Growth expected to return in the second half of 2009. Forecasts are still uncertain but fears of a severe, prolonged recession are fading.
The EU economy is showing clear signs of recovery and looks set to return to growth in the second half of 2009. However, with the strong downturn at the end of 2008 and start of the year, the forecast for 2009 as a whole remains unchanged: GDP is expected to fall by 4% in both the EU and the eurozone.
To some extent, the improving outlook for Europe reflects brighter prospects around the world. Some regions – notably emerging Asian economies -- anticipate marked growth over the next 6 months.
But there are other specifically European reasons for optimism too. Conditions on financial markets have improved, and economic activity is picking up, boosted by car-scrapping schemes and other forms of government spending.
Consumer price inflation declined in the first half of the year, as the cost of energy and food eased off from last year’s highs. But with most commodities on the rise, inflation rates are expected to increase toward the end of 2009.
For the year as a whole, consumer price inflation will likely remain unchanged at 0.9% in the EU and 0.4% in the eurozone. The outlook for next year remains uncertain, with job markets and public finances still feeling the effects of the economic crisis.
The coming recovery could be surprisingly strong. Whether it can be sustained remains to be seen.

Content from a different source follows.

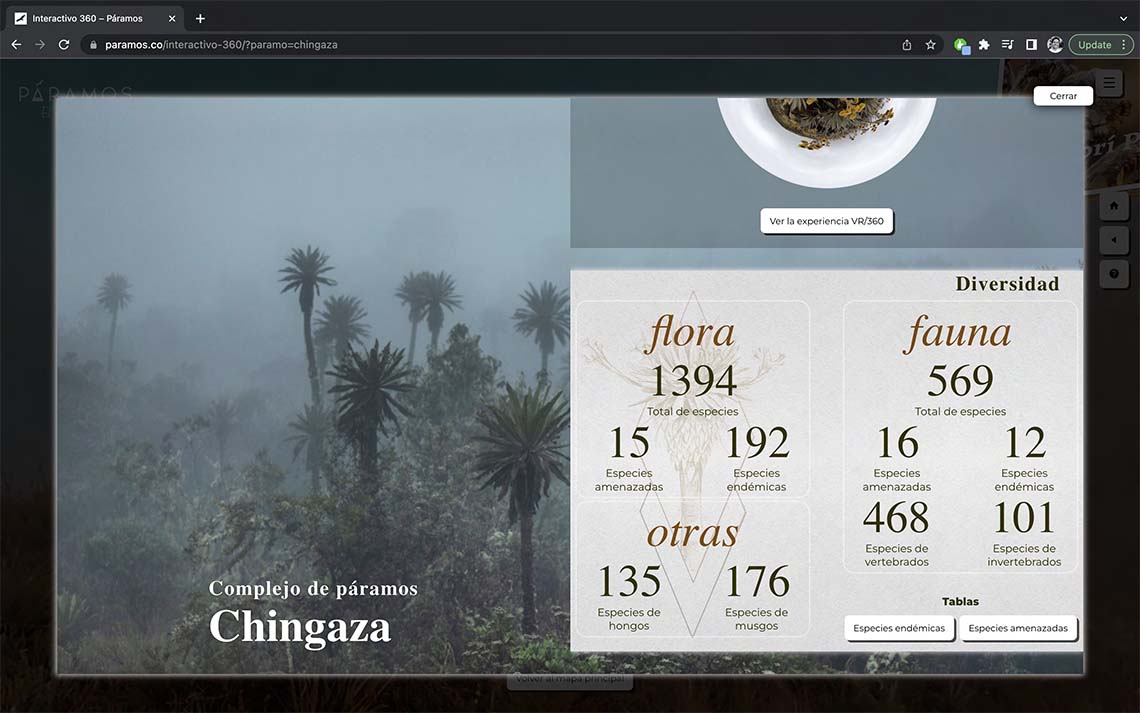 “Páramos, el país de las nieblas” and “Paramos II – El Origen” are documentary films with a transmedia platform that explores the beauty, importance, and threats facing páramos, a type of high-altitude ecosystem found in Colombia. The film and platform were created by Animafauna, Señal Colombia and Fotosíntesis Colombia SAS, and they were released in December 2022. Setian was encharged of the concept, design and development of the Transmedia Platform

The Commission's next forecast, due out in November, will look ahead to the end of 2011 for all 27 EU countries.
The Commission usually publishes economic forecasts 4 times a year – comprehensive spring and autumn forecasts and smaller interim forecasts in February and September.
This interim forecast is based on updated projections for France, Germany, Italy, the Netherlands, Poland, Spain and the UK – together accounting for some 80% of the EU’s GDP.